Thank you Emmanuel N., Benjamin, and Emmanuel de M. for that tremendous opportunity you gave me while I was a suit up consultant.

Thank you to all my other fellow coworkers in Paris and San Francisco.

Thank you Lise, my partner in life, for all your helpful support, time, comprehension and help.

Thank you all for these remarkable years and those to come!

Notes:

¹ Airware official one paragraph press introduction:

Airware provides secure and scalable solutions that enable enterprises to digitize their business and turn aerial data into actionable business intelligence. World-class enterprises look to Airware to improve productivity, operational efficiency, and worker safety. Airware has raised more than $90 million to date from leading venture capital investors including Andreessen Horowitz, Kleiner Perkins Caufield and Byers, and Next World Capital, with strategic investments from enterprise customers and partners including Caterpillar Ventures, GE Ventures, Google Ventures, and Intel Capital. Airware’s Americas headquarters are located in San Francisco, CA and EMEA headquarters in Paris, France.

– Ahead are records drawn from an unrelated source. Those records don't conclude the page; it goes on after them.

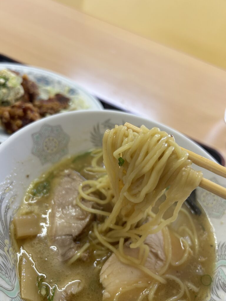 麺も程よい太さでスープとの絡みがよく、テンポよく箸が進みます。
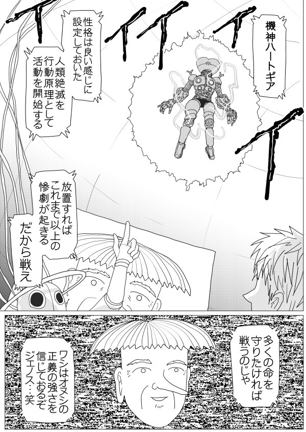 -คุเซโนะบอกเจนอสไปว่า เจนอสมันหมดประโยชน์แล้ว ถึงเวลาต้องทดสอบและกำจัดเจนอสทิ้งแล้ว ว่า แล้วคุเซโนะก็เรียกจักรกลเทพตัวหนึ่ง ฮาร์ทเกียร์ มาทดสอบเจนอสเพื่อเก็บข้อมูลในการต่อสู้
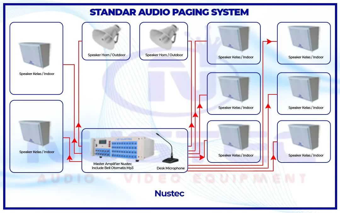 Standar – Sistem Audio Paging Sistem Audio Paging merupakan fasilitas komunikasi berbasis audio digital yang memungkinkan penyampaian informasi suara melalui perangkat kontrol pusat (Switch Control/Amplifier). Sistem ini mendukung penyiaran pesan suara secara selektif (acak) maupun serentak ke seluruh area yang ditentukan.
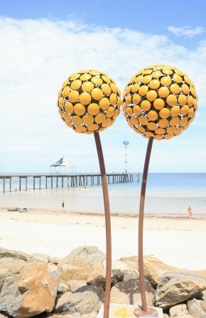 It’s that time of year again when South Australia’s largest sculpture exhibition is on at Brighton. The Brighton Jetty Sculptures can be found along the esplanade, either side of the jetty, and in a small park next to the Brighton Surf Lifesaving Club.
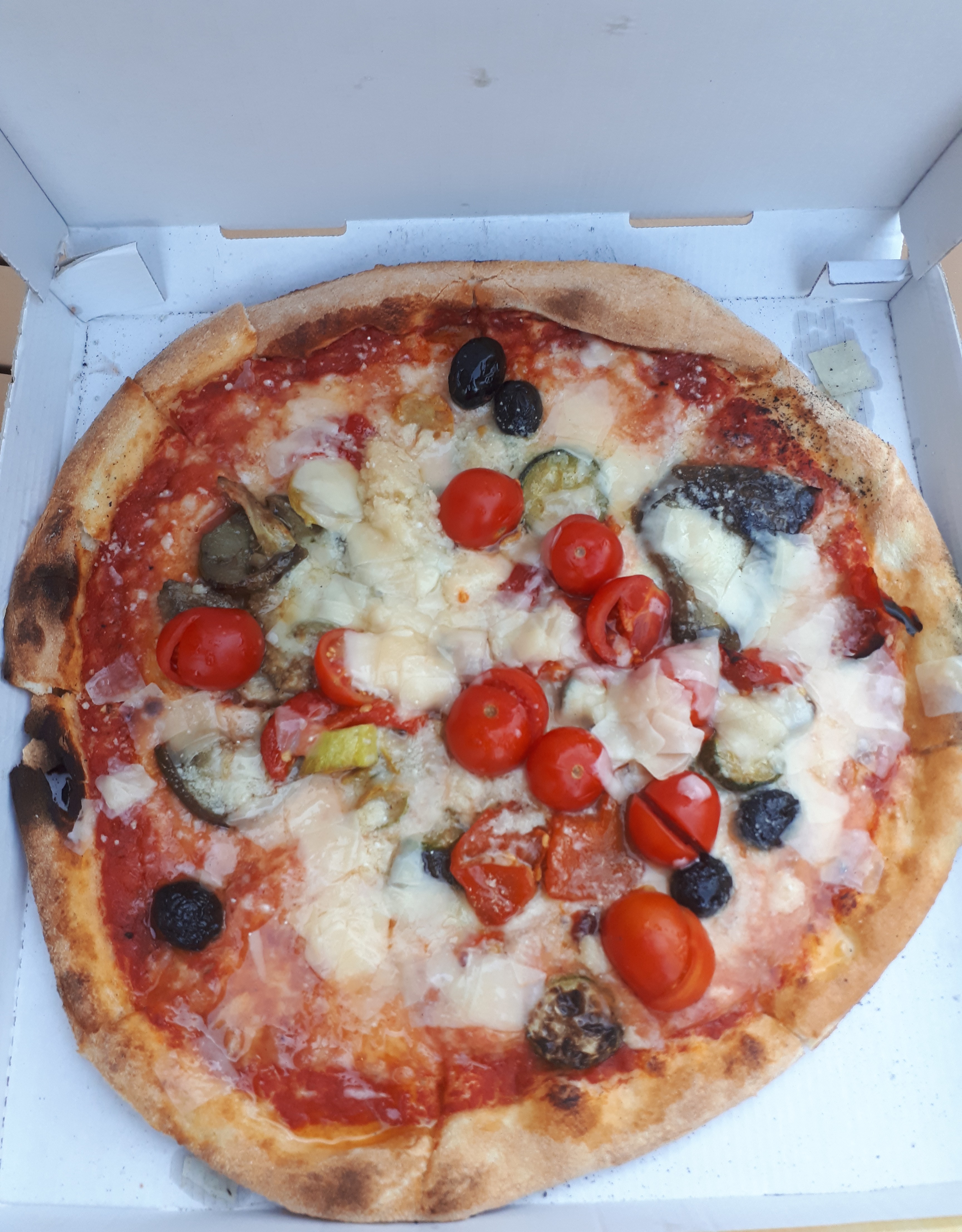 Enfin une bonne pizza étant d origine napolitaine je suis difficile on s est régalé et les parts super généreuse. On a enfin notre bonne pizza pas loin

² Cardinal was the front-end serving all data we produced to our customers. From traditional base data: slope map, orthophotography, dynamic surface model to advanced analytics like safety insights hall roads width, faces heights, stockpile volumes, etc.

³ Annotations was one of the customers’ favorite feature. It was enabling collaboration, work tracking, notification, export, computation, etc.

Automatically detected water displayed as an annotation ready to trigger operational actions on the field

⁴ GanNet, was the codename of the automated digitization project. It is a bird name as all our microservices. Our mono repository was named nest and we had several birdies. A commitment to our angry birds tradition 😊. Some other examples: automolus, koepckeae alias cupcake, mesange, seagull, parrot, logrunner, etc.

⁵ We were providing a set of methods for volume computations — covering all possible use cases. One of the method, publicly called “breakline” was capable of way more. One of its function was to erase unwanted data to provide more accurate results.

On the left: the typical DSM coming out of drone data processing. On the right: reconstructed DSM removing the conveyor belt over the stockpile.